AMG Systems selected by CK Communications to help digitise Cardiff’s traffic monitoring and CCTV network

When CK Communications was asked to upgrade all of Cardiff’s traffic control rooms from analogue to IP, they called on video transmission and networking experts AMG Systems to help move video and data to more than 30 separate monitoring locations across the city.

Cardiff-based CK Communications has a 22-year history and offers a unique service integrating CCTV, RPS, VMS, fibre, security and electrical services from design stages through to installation and commissioning. The company’s projects include city centres, council-owned buildings, data centres, motorways and tunnels and it works closely with the main roads agencies in South Wales to provide support on their current and future projects.
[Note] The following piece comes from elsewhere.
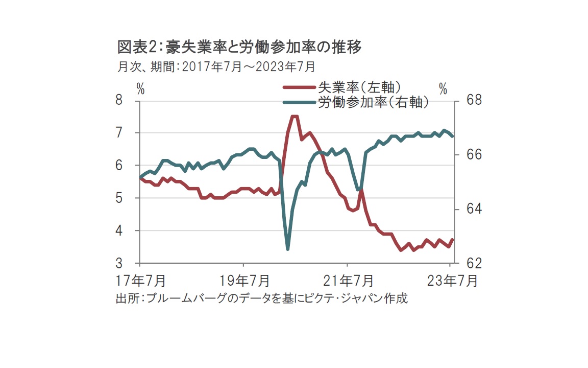豪労働市場の堅調さは賃金上昇を通じて物価上昇要因とみられます。労働市場への参入度合いを示す労働参加率はコロナ禍前を上回り過熱感がある中で、失業率は低水準で(図表2参照)、物価の上方リスク要因とみています。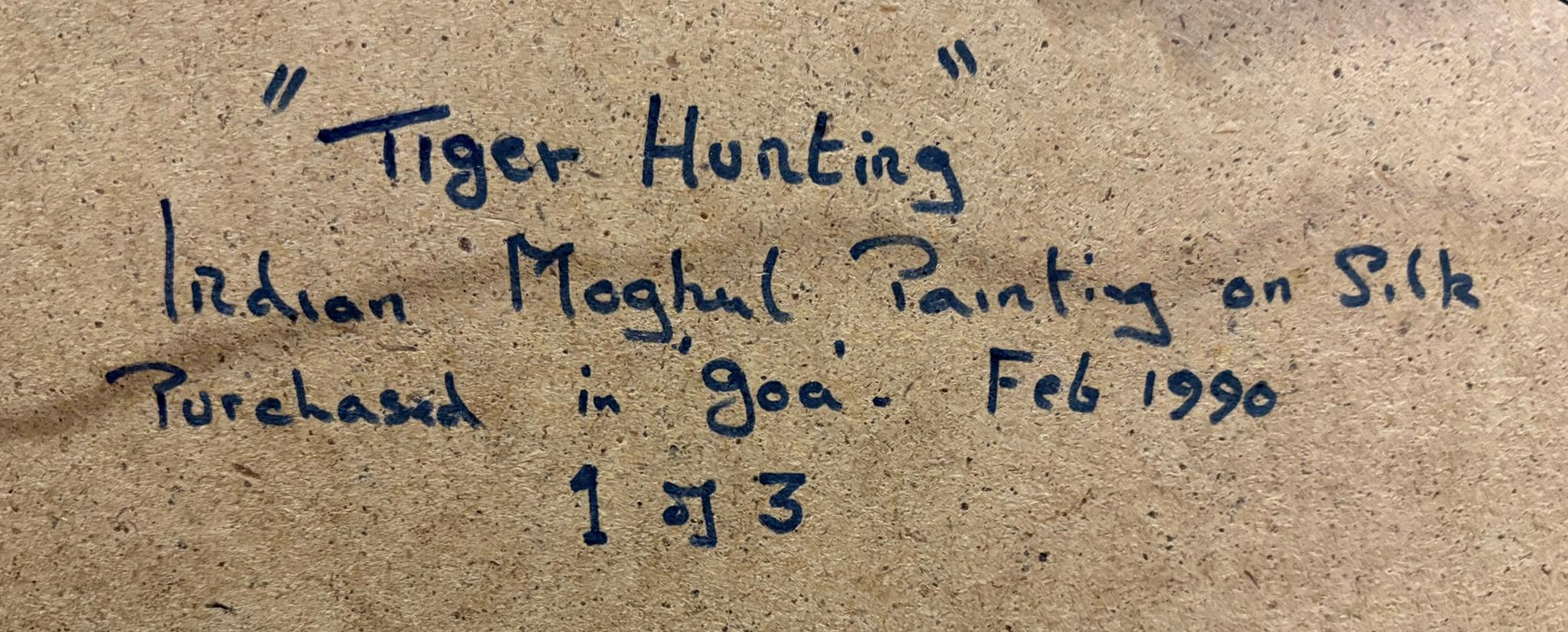 Pair of Mughal‑Style Silk Paintings, “Tiger Hunt”, India, c. 1985–1990

When CK won the contract to upgrade all traffic control rooms in Cardiff from analogue to IP, it faced a significant task. These monitoring stations include four main and no less than 27 remotely sited control desks across the city. The control rooms and desks are required for the use of police, urban traffic control (which has responsibility for traffic signals across Cardiff), a Silver Command post for major events including monitoring large-scale football and rugby match days, tunnel service buildings, bus depots and more.

According to Ian Jones, the existing Cardiff traffic monitoring network was very much in need of an upgrade. He describes it as formerly “an analogue beast”.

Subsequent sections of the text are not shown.